## Problem to solve
Copy, word for word, the lines of the entries below between the one with "DUCRAY Anacaps Expert-chronické" and the one with "Kenya masai mara", inclusive, and leave out everything else.

## Information shown
----
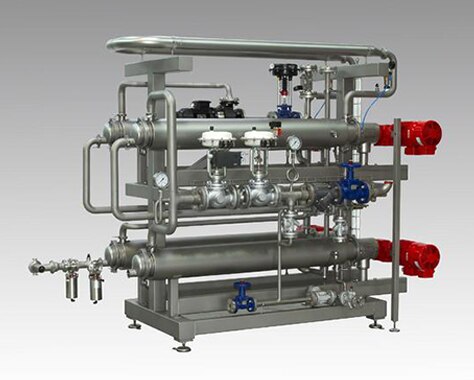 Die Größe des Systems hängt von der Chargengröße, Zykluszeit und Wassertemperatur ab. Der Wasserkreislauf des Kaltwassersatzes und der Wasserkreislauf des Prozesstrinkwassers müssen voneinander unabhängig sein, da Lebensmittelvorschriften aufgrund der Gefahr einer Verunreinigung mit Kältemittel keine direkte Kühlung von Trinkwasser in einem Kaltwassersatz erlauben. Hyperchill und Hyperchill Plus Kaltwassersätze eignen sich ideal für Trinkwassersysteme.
----
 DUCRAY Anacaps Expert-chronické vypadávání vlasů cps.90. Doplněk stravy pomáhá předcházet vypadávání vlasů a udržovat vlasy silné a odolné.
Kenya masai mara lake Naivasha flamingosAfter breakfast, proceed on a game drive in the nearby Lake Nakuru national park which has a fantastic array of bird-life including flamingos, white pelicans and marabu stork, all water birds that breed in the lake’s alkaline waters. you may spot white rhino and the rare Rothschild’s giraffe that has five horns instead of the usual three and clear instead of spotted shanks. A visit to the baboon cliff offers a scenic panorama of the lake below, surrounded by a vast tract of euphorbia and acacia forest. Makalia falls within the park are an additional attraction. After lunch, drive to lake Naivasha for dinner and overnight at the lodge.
----
## Finished task
 DUCRAY Anacaps Expert-chronické vypadávání vlasů cps.90. Doplněk stravy pomáhá předcházet vypadávání vlasů a udržovat vlasy silné a odolné.
Kenya masai mara lake Naivasha flamingosAfter breakfast, proceed on a game drive in the nearby Lake Nakuru national park which has a fantastic array of bird-life including flamingos, white pelicans and marabu stork, all water birds that breed in the lake’s alkaline waters. you may spot white rhino and the rare Rothschild’s giraffe that has five horns instead of the usual three and clear instead of spotted shanks. A visit to the baboon cliff offers a scenic panorama of the lake below, surrounded by a vast tract of euphorbia and acacia forest. Makalia falls within the park are an additional attraction. After lunch, drive to lake Naivasha for dinner and overnight at the lodge.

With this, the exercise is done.